Ezra Collective – Juan Pablo: The Philosopher

Having already broken into the local jazz consciousness with last year’s Chapter 7 EP and the Sun-Ra informed Space Is the Place single, London five-piece Ezra Collective have dropped their anticipated Juan Pablo: The Philosopher EP, a heady collection of new wave jazz tunes.

Ezra Collective are a good emblem for the revitalised London jazz scene that has become highly conscious of the interplay between the roots that soul and hip-hop have in jazz, including the late 2000s broken beat scene and the rediscovered (for the second time since the early 2000s) West African funky heritage.

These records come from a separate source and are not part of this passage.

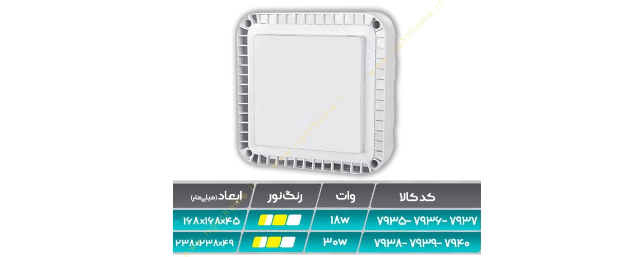 چراغ سقفی 30 وات روکار پارس شعاع توس مدل آوین - دارای سه رنگ نور آفتابی، مهتابی و یخی - شار نوری 2650 لومن - نصب روکار - ابعاد بیرونی آن 238x238x49 میلی متر - مجهز به لامپ SMD LED - مصرف کم انرژی - جریان ورودی 300 میلی آمپر
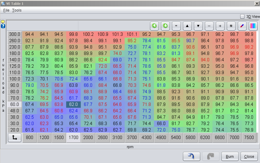 Looks like it's getting there. It looks like the high rpm / low kpa areas need some work still as well. After you get most of the table sorted, try this:
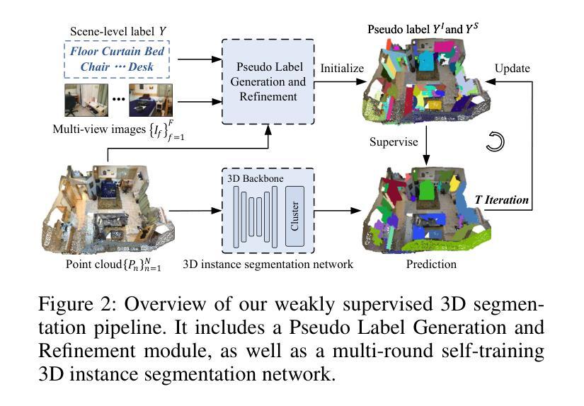 弱监督3D实例分割对于3D场景理解至关重要,尤其是随着数据规模的增长和全监督方法相关的高标注成本。现有方法主要依赖于两种形式的弱监督:一点一击标注和边界框标注,两者的目标都是减少标注工作量。然而,这些方法仍面临一些挑战,包括标注过程劳动强度高、复杂性高以及依赖专家标注者。为了解决这些挑战,我们提出了DBGroup,这是一个两阶段的弱监督3D实例分割框架,它利用场景级标注作为更高效和可扩展的替代方案。在第一阶段,我们引入了一个双分支点分组模块,该模块以多视角图像中提取的语义和掩膜线索为指导生成伪标签。为了进一步提高标签质量,我们开发了两种细化策略:粒度感知实例合并和语义选择和传播。第二阶段涉及在端到端实例分割网络上进行多轮自训练,使用精炼的伪标签。此外,我们还引入了一个实例掩膜过滤策略,以解决伪标签内部的不一致性。大量实验表明,DBGroup与稀疏点级监督的3D实例分割方法相比具有竞争力,同时超越了最先进的场景级监督的3D语义分割方法。代码可通过https://github.com/liuxuexun/DBGroup获取。
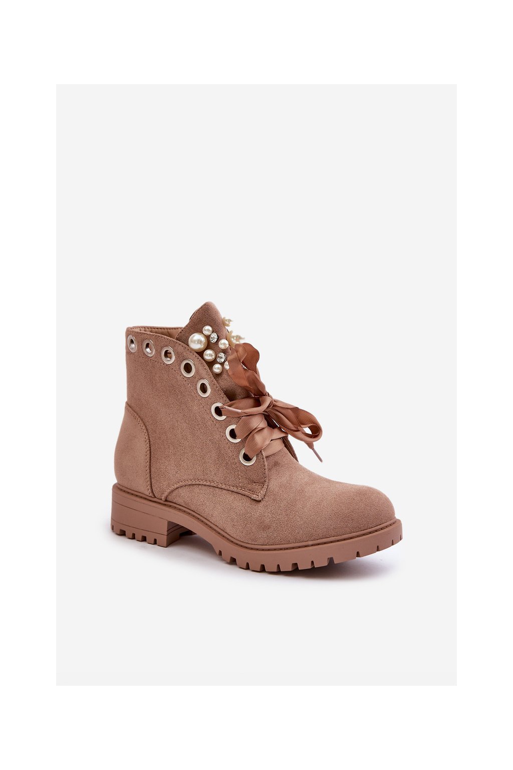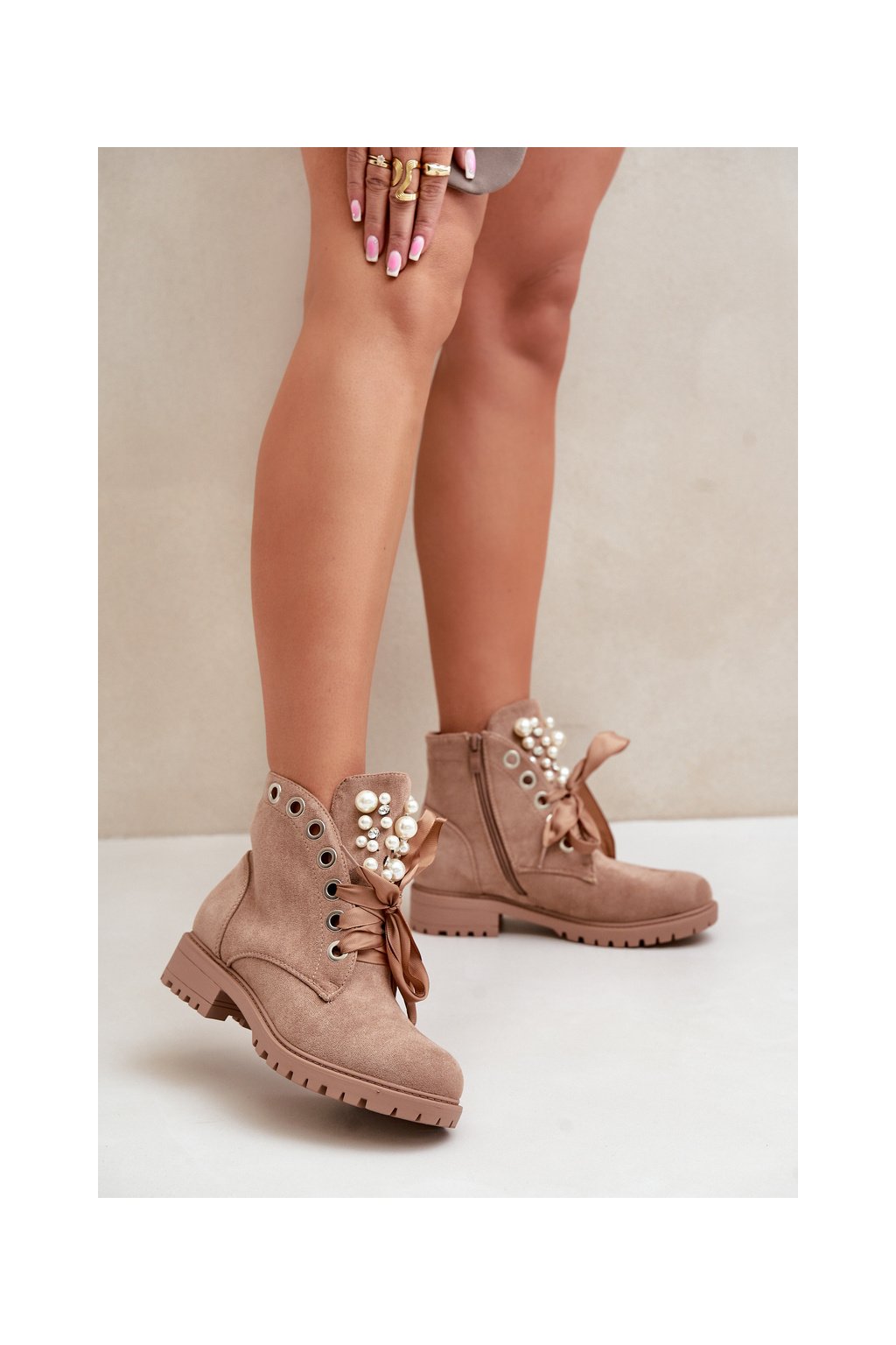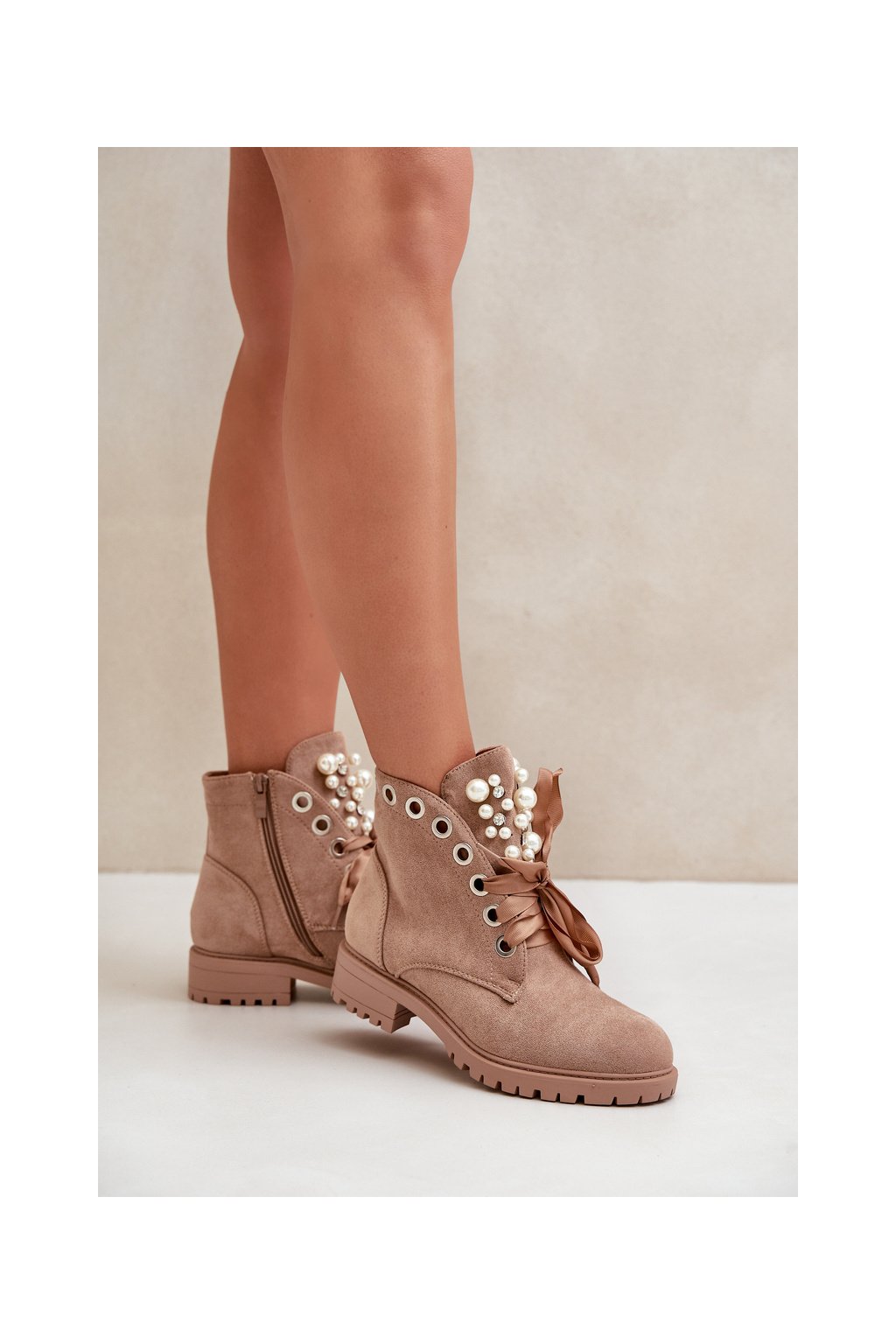 Béžové dámske členkové topánky z eko semišu na rovnej podrážke, kód produktu 8371 KHAKI
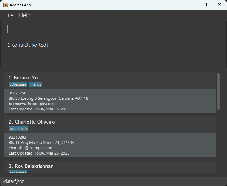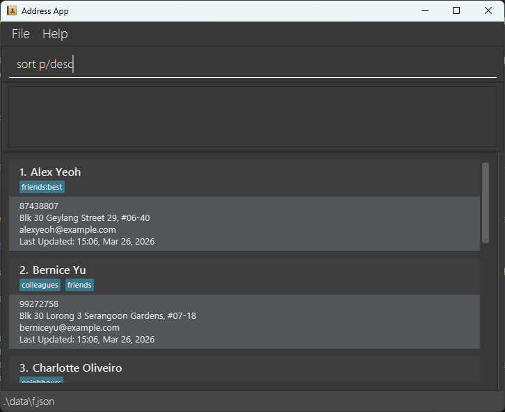 n/ — sort by name, p/ — sort by phone, e/ — sort by email, a/ — sort by address, lu/ — sort by last updated, lc/ — sort by last contacted.t/TAG_NAME — contacts with the ranked tag TAG_NAME are displayed at the top.sort commands can stack.Examples:
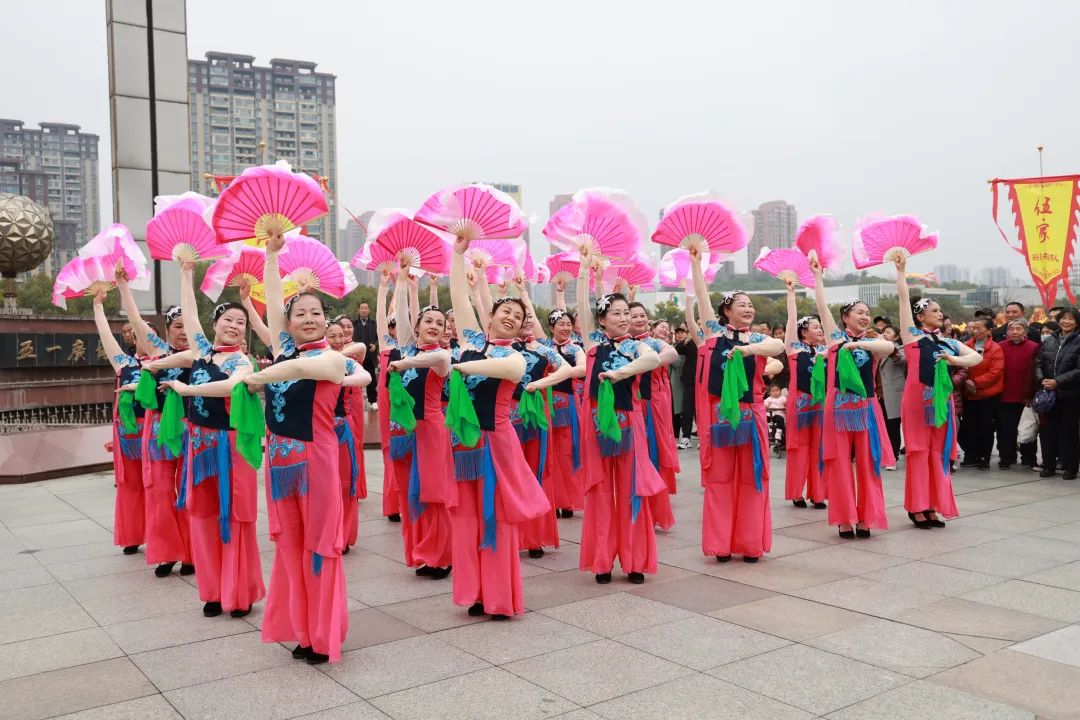 在秧歌舞中转腕翩然的红绸扇子

The EP opens with a sunny, psychedelic keyboard trill that composes itself and morphs into the afrobeat-style brass refrain that forms the centrepiece of opening track ‘Juan Pablo’. It continues throughout its blissful 23 minutes with a full-throttled dissemination of funk, atmospheric disco-esque rhythm and late night post-bop.

The dynamism and craftsmanship on display here speak for an inner love of rhythm and jazz that’s been lacking in a scene saturated by real book purists and faux-pas cocktail bars. Juan Pablo: The Philosopher is bold, colourful and, dare I say, breakthrough: it’s something to get excited about. Ezra Collective are sure to be a solid reference point in UK jazz for the years to come.

You can get Juan Pablo: The Philosopher on Bandcamp. 45turns tip: keep an eye out for a repress before the end of the year.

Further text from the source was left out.